Esse é apenas mais uma faceta do chamado caso das “portas giratórias” que se estabelece entre as altas colocações do setor público e do setor privado. Trata-se das perigosas relações incestuosas que ocorrem entre agentes públicos e representantes dos interesses do capital privado. O fenômeno claramente antiético, muitas vezes até mesmo beirando a ilegalidade, pode ser percebido tanto na defesa de determinados tipos de políticas públicas ou de modelo de Estado, quanto no acolhimento de tais servidores quando resolvem sair da administração pública e vão se dedicar de alma cheia ao cumprimento das necessidades do capital. Os anos recentes estão cheios de exemplos desse grave desvio de conduta, uma forma sofisticada de apropriação privada do espaço público.

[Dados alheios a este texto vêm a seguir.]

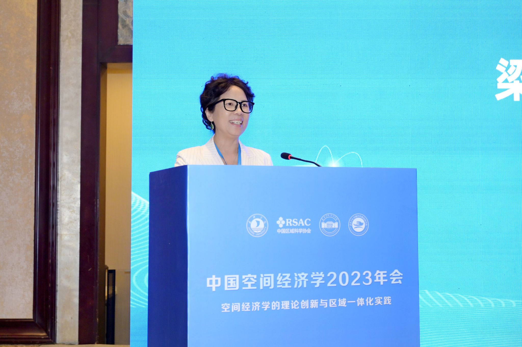 、中国区域科学协会空间经济学专业委员会主任梁琦教授做了题为《空间经济学研究的思考》的主题演讲,梁教授对空间经济学的演进历程进行了简要解释,对空间经济学未来发展方向进行了阐释,她认为经济学应该“回归空间”,进行更加务实的研究。

Ao pleitearem que a função de dirigente do Funpresp não deve se submeter aos limites do teto constitucional, os defensores da medida assumem de forma inequívoca um lado nesse debate. Comparam a remuneração que recebem os pares no setor privado e clamam – ó santa ironia! – por isonomia. De acordo com esse ponto de vista oportunista e imediatista, o fundo de pensão dos servidores não passaria de mera instituição financeira do financismo e assim deveria ser tratado. Apenas mais uma entidade de previdência complementar na selva do mundo das finanças.

A MP 1.119 tem sido objeto do ritmo de tratoragem adotado pelos presidentes das duas casas do Congresso Nacional na defesa dos desejos do Planalto e de Paulo Guedes. Apesar do regime de urgência da matéria e do prazo exíguo para os ritos de tramitação os parlamentares progressistas conseguiram apresentar 200 emendas ao texto original. A intenção é justamente restabelecer os princípios da moralidade no trato da administração pública e assegurar os direitos de seus participantes atuais e futuros. No fundo, trata-se de defender o Funpresp de mais um ato de rapina do financismo.

Com a palavra, a maioria do plenário na Câmara dos Deputados e no Senado Federal, que deverá se manifestar a respeito de tema tão sensível às vésperas das eleições de outubro.